Importance of the oxidised plastoquinone molecules on the thermal phase of chlorophyll-a fluorescence

Abstract

Variable Chla fluorescence is composed of two distinct phases (photochemical and thermal) of nearly equal amplitude. The photochemical phase is related to the reduction of the photosystem II (PSII) QA electron acceptor and can be induced by a saturating single turnover flash (STF). The thermal phase requires multiple turnover flash (MTF) and is thought to reflect the reduction of the plastoquinone (PQ) pool. The objective of this report was to determine the relative contributions of the free oxidised PQ molecules and those bound to the QB site to the thermal phase of Chla fluorescence. To this end, we measured the variable Chla fluorescence yields induced by STF and MTF (corresponding to Fvf and Fvm respectively) emitted from spinach thylakoids resuspended in presence of different inhibitors acting at the QB site, of exogenous PQ (PQex) or in presence of the artificial quencher 2-methyl¿1,4-naphtoquinone. The results showed that 1) the inhibitors DCMU, bromoxynil and o-phenanthroline similarly increased Fvf but quenched Fvm, 2) PQex markedly quenched Fvf and Fvm in presence of DCMU but not in its absence, 3) Fvm was quenched to a much larger extent than Fvf by 2-methyl¿1,4-naphtoquinone.

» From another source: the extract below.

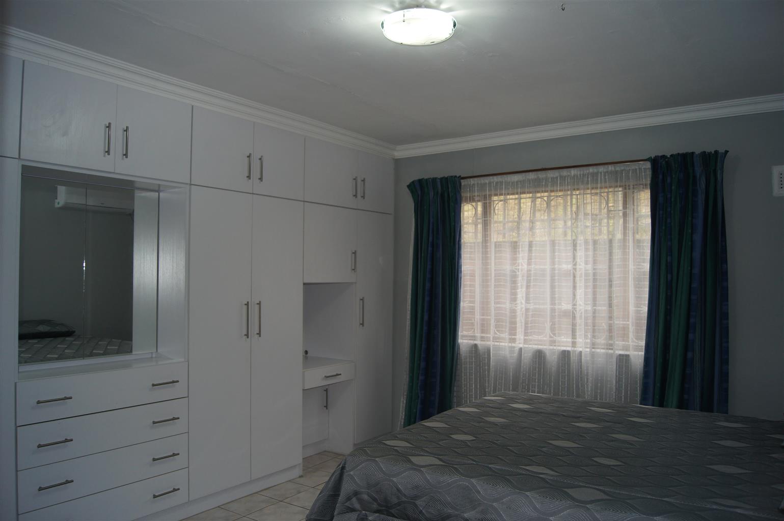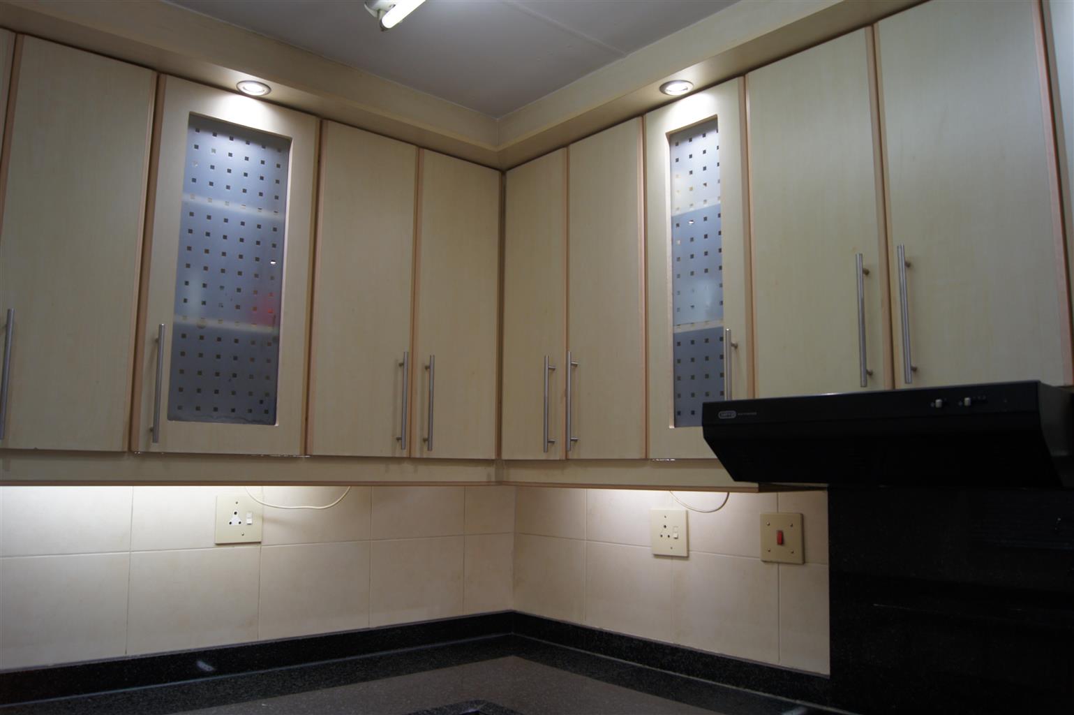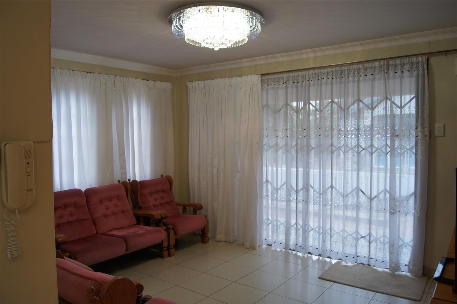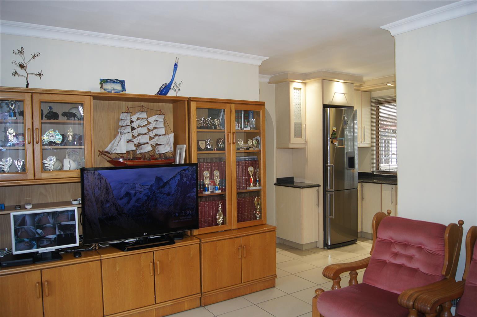 The fully tiled interior ensures easy maintenance and a sleek finish throughout. All bedrooms come with built-in cupboards, providing ample storage space. The heart of the home is the well-appointed kitchen, featuring a fitted stove and seamless flow to the open-plan living areas.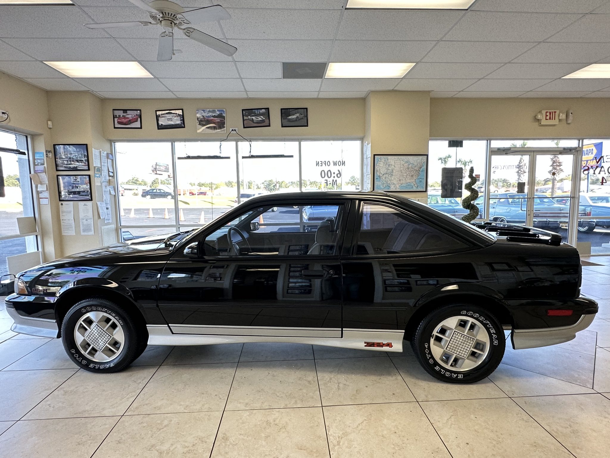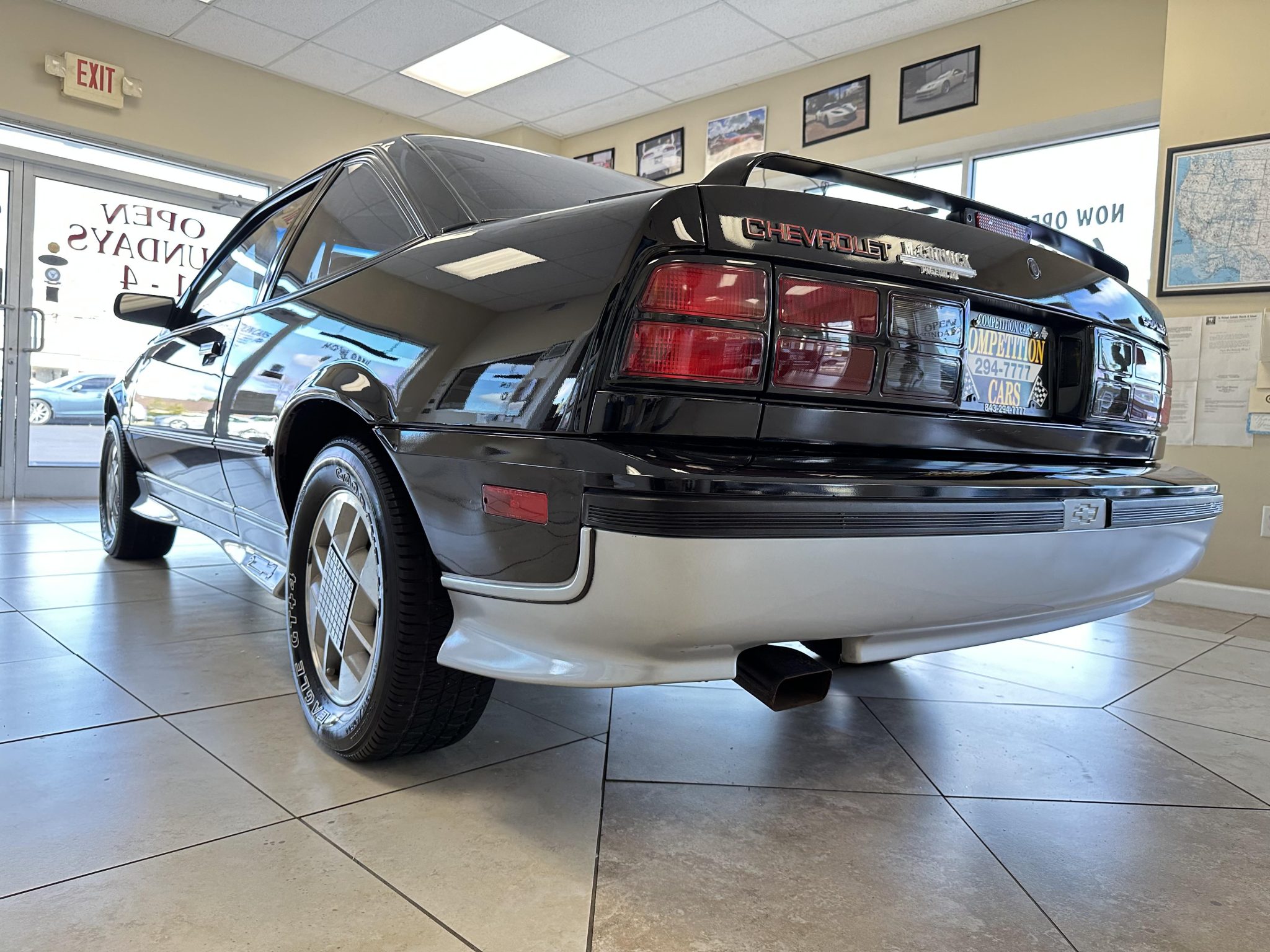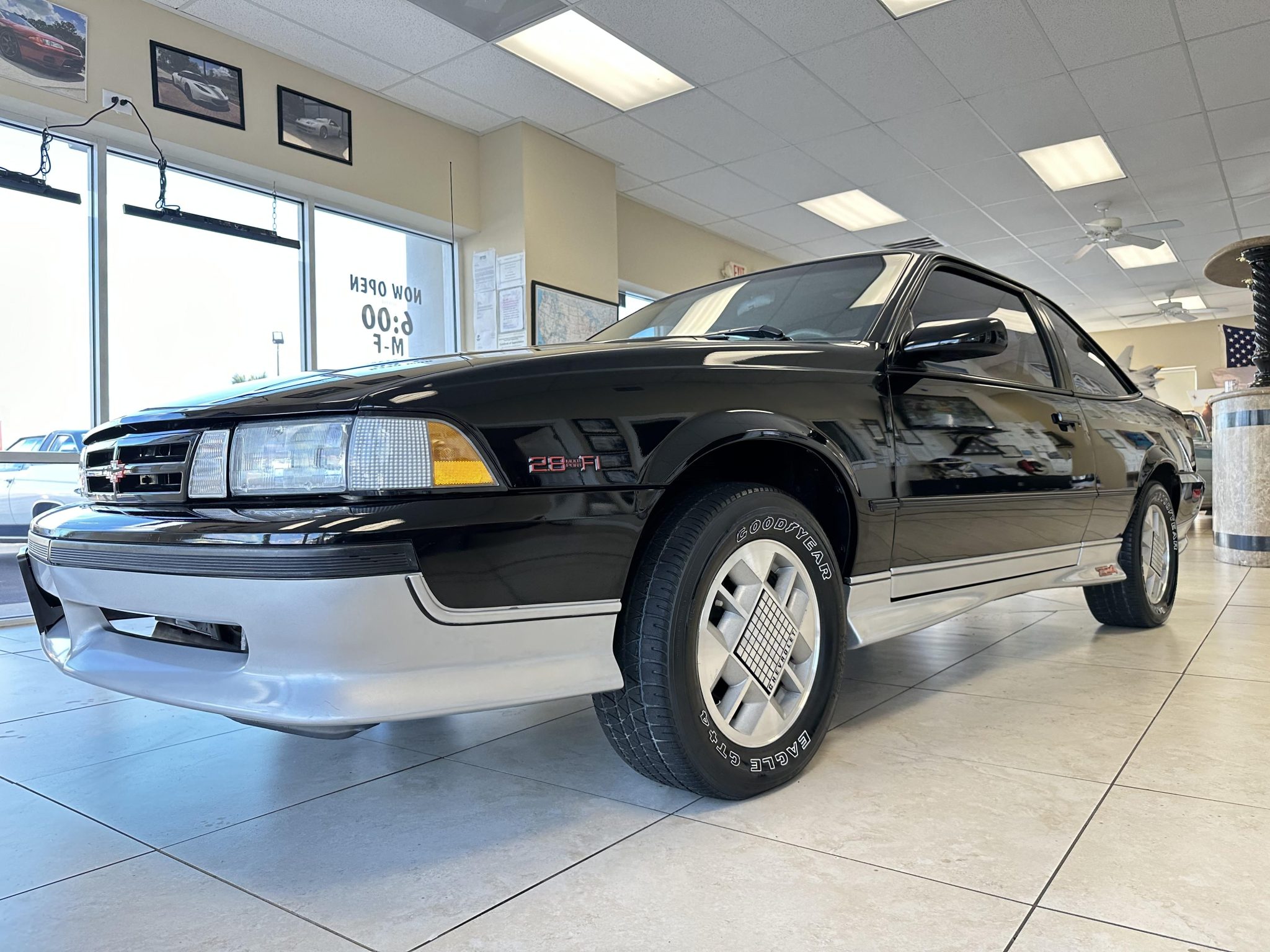 Factory 14″ alloy wheels are mounted with 215/60 Goodyear Eagle GT+4 white-letter tires. Stopping power is provided by front disc brakes and rear drums.

These results indicate that I) the thermal phase of Chla fluorescence is more susceptible than the photochemical phase to the non-photochemical quenching of oxidised quinones and II) both QB and the PQ pool contribute to the thermal phase, so that the oxidised forms of QA QB and of the PQ pool are responsible for about 50%, 25% and 25% respectively of the total amplitude of variable Chla fluorescence.